It was fixed on 2018-08-21:
https://bugzilla.redhat.com/show_bug.cgi?id=1589738#c7

Please test again with current qemu-img version and report which versions
were tested.

Please always attach the output of "rpm -qa" to a bug when you report the bug.

Comment 8 Nir Soffer 2018-12-07 19:43:17 UTC
Eric, is is possible that bug 1589738 sneaked into qemu-img-rhev?

Comment 9 Nir Soffer 2018-12-07 19:50:28 UTC
Avihay, can you explain how and when the vm snapshots were created? Are you 
testing old images that were created years ago, possibly with unaligned 
memory or configuration volumes?

Also please share the output of:

ls -l /rhev/data-center/mnt/[glusterSD/]server:_path/sd-id/images/img-id

We need to understand which volumes are not aligned and why.

Comment 10 Avihai 2018-12-11 09:00:08 UTC
(In reply to Nir Soffer from comment #9)
> Avihay, can you explain how and when the vm snapshots were created?
Sure, VM snapshots were created via UI .

1) Create a VM from a template from NFS/gluster SD .
2) Power-on the VM
3) Create vi UI a snapshot with RAM (default vi UI)
4) Power off VM
5) Export VM to export domain

> Are you 
> testing old images that were created years ago, possibly with unaligned 
> memory or configuration volumes?
No it's new images we are all using as template and it works with ISCSI SD so this does not look as the root cause here.
> 
> Also please share the output of:
> 
> ls -l /rhev/data-center/mnt/[glusterSD/]server:_path/sd-id/images/img-id
> 
> We need to understand which volumes are not aligned and why.
As gluster has issues now due to Bug 1657645 I reproduces the issue with NFS .
requested output:
[root@storage-ge8-vdsm2 ~]# ls -l /rhev/data-center/mnt/yellow-vdsb.qa.lab.tlv.redhat.com:_Storage__NFS_storage__local__ge8__nfs__0/ce0b257b-f3c7-4e8f-a724-40dccf0d6bb5/images/0b7dec1f-73d2-4799-8cef-64b3715602fe
total 1040
-rw-rw----. 1 vdsm kvm   11136 Dec 11 10:46 b36e4a3a-a826-484b-a2db-46ab61cfa50b
-rw-rw----. 1 vdsm kvm 1048576 Dec 11 10:46 b36e4a3a-a826-484b-a2db-46ab61cfa50b.lease
-rw-r--r--. 1 vdsm kvm     424 Dec 11 10:46 b36e4a3a-a826-484b-a2db-46ab61cfa50b.meta

Complete rpm -qa is attached with new reproduction (4.3) logs.

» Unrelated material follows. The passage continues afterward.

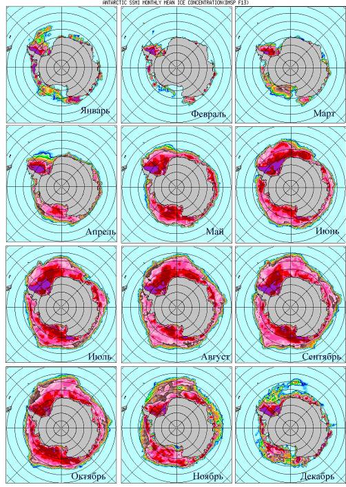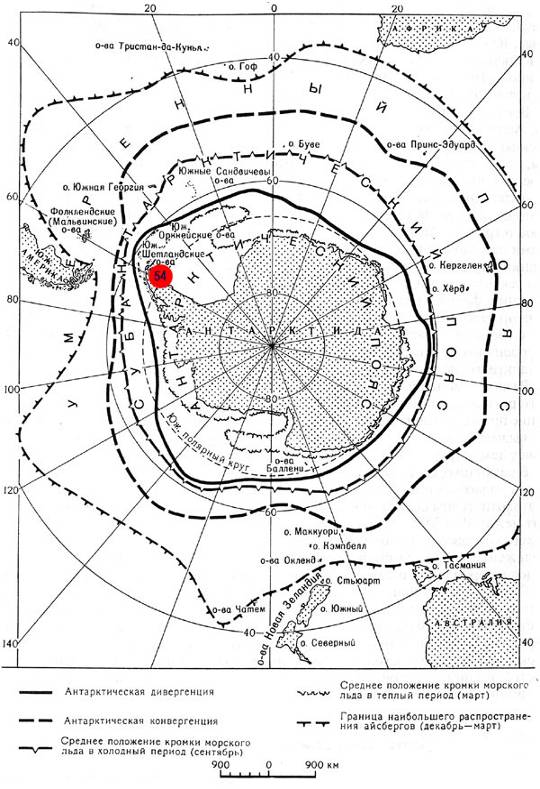 Однако своеобразие гидрологического режима антарктических вод между зоной конвергенции и северными берегами Антарктиды служит основанием для выделения этой части Мирового океана в особый регион, отличный от Тихого, Индийского и Атлантического океанов. [8]

Comment 11 Avihai 2018-12-11 09:01:25 UTC
Created attachment 1513302 [details]
engine and vdsm logs and complete rpm -qa

Comment 12 Avihai 2018-12-11 11:41:19 UTC
These are the ram snapshot disks which are potentially problematic:

1) name = vm1_snapshot_memory , id = b82b875a-502c-42b7-985a-8c3025c6f148 , SD = nfs_0 (ce0b257b-f3c7-4e8f-a724-40dccf0d6bb5)

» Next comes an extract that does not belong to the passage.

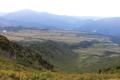 | 富山の町を下に見て大日平の草原を歩く。 | 牛首から急坂を下る。 |

ls -l /rhev/data-center/mnt/yellow-vdsb.qa.lab.tlv.redhat.com:_Storage__NFS_storage__local__ge8__nfs__0/ce0b257b-f3c7-4e8f-a724-40dccf0d6bb5/images/b82b875a-502c-42b7-985a-8c3025c6f148
total 140716
-rw-rw----. 1 vdsm kvm 143037952 Dec 11 10:46 35bce438-cadc-47d3-b140-1f9457bbe176
-rw-rw----. 1 vdsm kvm   1048576 Dec 11 10:46 35bce438-cadc-47d3-b140-1f9457bbe176.lease
-rw-r--r--. 1 vdsm kvm       421 Dec 11 10:46 35bce438-cadc-47d3-b140-1f9457bbe176.meta

qemu-img info /rhev/data-center/mnt/yellow-vdsb.qa.lab.tlv.redhat.com:_Storage__NFS_storage__local__ge8__nfs__0/ce0b257b-f3c7-4e8f-a724-40dccf0d6bb5/images/b82b875a-502c-42b7-985a-8c3025c6f148/35bce438-cadc-47d3-b140-1f9457bbe176
image: /rhev/data-center/mnt/yellow-vdsb.qa.lab.tlv.redhat.com:_Storage__NFS_storage__local__ge8__nfs__0/ce0b257b-f3c7-4e8f-a724-40dccf0d6bb5/images/b82b875a-502c-42b7-985a-8c3025c6f148/35bce438-cadc-47d3-b140-1f9457bbe176
file format: raw
virtual size: 136M (143037952 bytes)
disk size: 136M

2) name = vm1_snapshot_metadata , id = 0b7dec1f-73d2-4799-8cef-64b3715602fe , SD = nfs_0 (ce0b257b-f3c7-4e8f-a724-40dccf0d6bb5)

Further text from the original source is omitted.